The firm chose the BCR-ABL test as its first foray into regulated IVD because although there are many other laboratory-developed tests for monitoring BCR-ABL on the market, these demonstrate a variety of performances and significant differences from lab to lab, Jensen-Long said.
"Bio-Rad could have chosen a much easier first test to submit for FDA approval as many other molecular diagnostic companies have done; however, having a test that is approved by the FDA and distributed to all molecular diagnostic laboratories will allow standardization of testing with a highly sensitive and accurate method," she said.
A study using Bio-Rad's ddPCR showed a lower limit of detection and quantification than standard qPCR methods for BCR-ABL monitoring, while research published last year using another dPCR method from Fluidigm suggested the technology in general can better detect residual disease than other PCR-based approaches.
Bio-Rad is currently in the middle of clinical trials for BCR-ABL monitoring for CML and intends to submit data to FDA early in 2018, Jensen-Long said.
In alignment with recent FDA practice, immediately following BCR-ABL, the company will submit its QXDx open IVD platform in order to support clinical laboratories with compliant LDT assays, she added.
Overall, the company has "built the ddPCR space from the ground up," Jensen-Long said, and it does not see significant competition within the space at this time. The technology also continues to have advantages in precision and accuracy over qPCR competitors, she said, and Bio-Rad expects to take market share away from that segment.
"We could see some downward competitive pressure from NGS if that technology can become faster, simpler, and inexpensive enough to use in low multiplex applications," Jensen-Long said. In the meantime, Bio-Rad is continuing to expand its ability to query a larger number of markers and variants per reaction to maximize sensitivity when limited DNA is available, such as in liquid biopsy samples, and it will also continue to further streamline the ddPCR workflow.

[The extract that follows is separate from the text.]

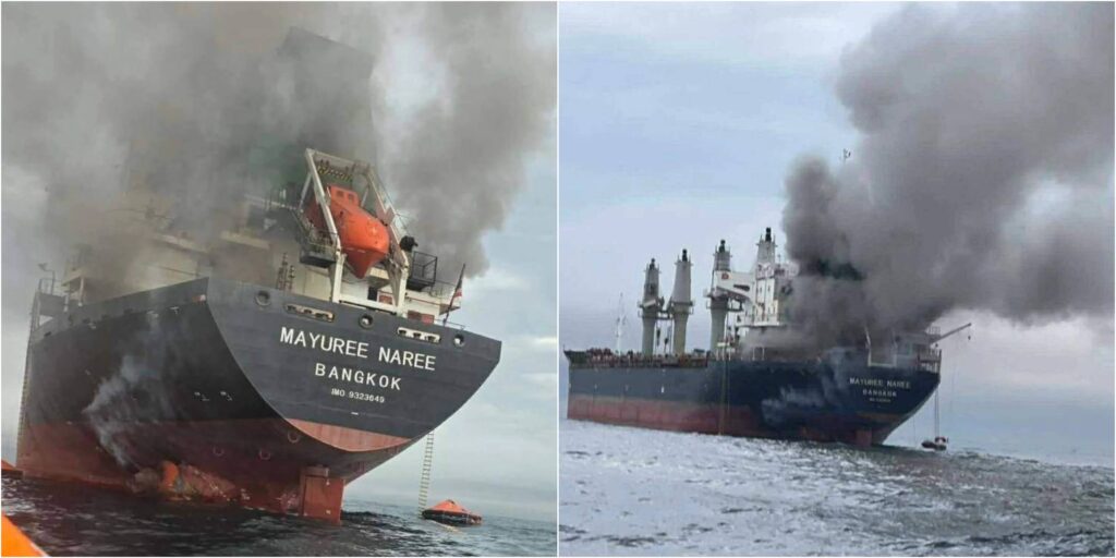 Images released by the Royal Thai Navy shows Thai cargo ship, Mayuree Naree, that was struck and set ablaze in the Strait of Hormuz Wednesday, March 11, 2026. (Royal Thai Navy via AP)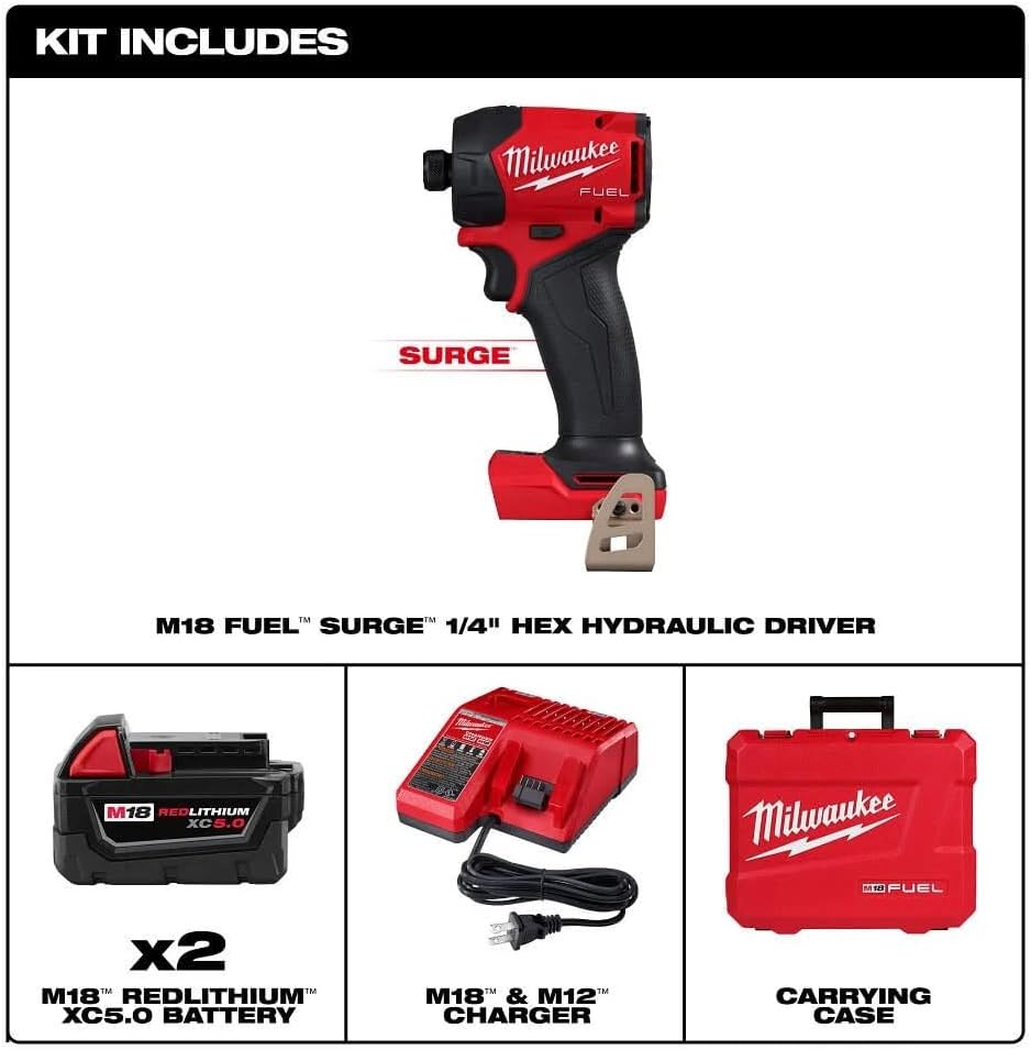 Included Components (1) M18 FUEL SURGE 1/4" Hex Hydraulic Driver (2761-20), (2) M18 REDLITHIUM XC5.0 Extended Capacity Battery Pack (48-11-1850), (1) M18 & M12 Multi-Voltage Charger (48-59-1812), (1) Carrying Case, (1) Belt Clip

In terms of competition from other technologies being used for CML monitoring, a BCR-ABL test kit from Asuragen received premarket clearance from the FDA last year, becoming the first such kit commercially available in the US, and the firm has since launched a CE-marked kit to detect minor fusions. A BCR-ABL test from Cepheid was CE marked in late 2015.
Jensen-Long noted that ddPCR as an enabling technology has "strong value across the clinical spectrum, from primary diagnosis and companion diagnostics, to monitoring." Further evolution of the ddPCR ecosystem will include "higher-plex panels, a fully integrated and hands-free system, and development of a sample-to-answer platform," she said.